– Лежите! – приказала женщина, мягко нажимая на плечи Феррана. – Я еще не закончила.
И Ферран покорился ей. Снова отдавая себя нежным рукам, вытягивающим из головы боль.
– У вас родинка на правом ухе? – вдруг спросил он, с любопытством разглядывая склонившуюся над ним головку. Один локон мазнул его по шее, и Ферран почувствовал, как волосы у него становятся дыбом.
– Да, – порозовев, сказала София, и заправила вырвавшийся на свободу локон за ухо таким милым жестом, что у Феррана защемило сердце. И совершенно неуместное и неожиданное при данных обстоятельствах чувство овладело им. Ферран вдруг поймал тонкие пальцы женщины и поцеловал мякоть ладони. Посмотрел на Софию. Она широко раскрыла глаза, но Ферран не прочитал в их черной глубине возмущения, только растерянность и смущение. Ее губы задрожали и приоткрылись в удивлении, как у маленькой девочки. Тогда Ферран сел и потянул на себя чуть сопротивляющееся тело женщины. София положила руки ему на грудь, но не стала отталкивать. Ее черные глаза блестели в темноте испуганно и взволнованно.
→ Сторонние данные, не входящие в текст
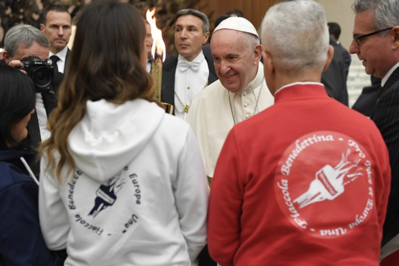 Szent Benedek üzenete 1500 év távlatából sem vesztett semmit frissességéből. Arra szólít, hogy az igazságosság, a béke és az egység alapján építsük a földrész erkölcsi rendjét. Ezek az európai alapértékek, melyeket a kontinens védőszentjének személyéhez kötődő Norcia, Subiaco és Cassino városok „Pro Pace et Europa Una” (magyarul: A békéért és az egy Európáért) elnevezésű zarándokfáklyája képvisel. Mindez azon a sajtótájékoztatón hangzott el, amelyet az Európai Parlament római székhelyén tartottak február 14-én. Az eseményen bemutatták a 2020-as olaszországi bencés ünnepségek tervezett programját.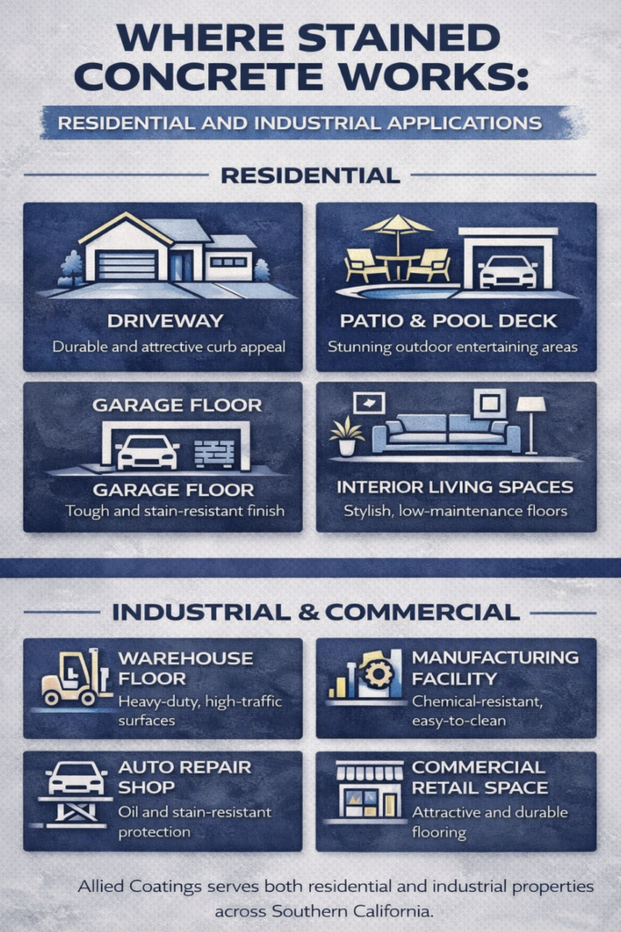 Allied Coatings has been delivering concrete staining to residential and commercial properties across Southern California for over 25 years, bringing the same technical standards and premium materials to a Wilmington garage floor as they bring to a large-scale industrial facility.

Грудь бурно вздымалась. Секунду они смотрели друг другу в глаза, а затем Ферран продолжил притягивать к себе обмякающее тело, чувствуя, как у него тоже учащается дыхание, как туманится мозг. Мягкие губы были сладкими на вкус и пахли летом, цветущими лугами и жарким солнцем, опаляющим лицо.
– Погасите свечу, – стыдливо шепнула София, и комната погрузилась во тьму.
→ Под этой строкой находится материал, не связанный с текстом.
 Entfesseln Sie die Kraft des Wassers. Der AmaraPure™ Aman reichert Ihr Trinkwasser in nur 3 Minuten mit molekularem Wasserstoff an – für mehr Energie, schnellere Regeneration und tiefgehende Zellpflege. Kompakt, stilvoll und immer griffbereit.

София собирала разбросанные вещи в темноте, где единственным источником света была луна. Ей не хотелось зажигать свечу. Мужчина крепко спал, и его лицо в лунном свете казалось вырезанным из серебра. София на секунду замерла, разглядывая профиль своего внезапного любовника. Что это вообще было? Как? Зачем? Что на нее нашло? Но сожалений не было. В конце концов, она взрослая женщина, уже побывавшая замужем, ни от кого не зависящая. Тут София скривилась, вспомнив письмо Анны-Марии. Почти не зависящая.
Скрипнула дверь, но София приложила палец к губам, запрещая вошедшей служанке говорить. Она взяла из ее рук остывший отвар в глиняной чашке и поставила на столик, стараясь не шуметь. Потом продолжила собираться, так же бесшумно передвигаясь по комнате. Пистолет, из которого она стреляла в грабителя, София оставила около чашки с отваром. На секунду царапнуло сожаление о том, что она оставляет незнакомцу оружие отца, которым так дорожила, но эта мысль потонула в ворохе других чувств.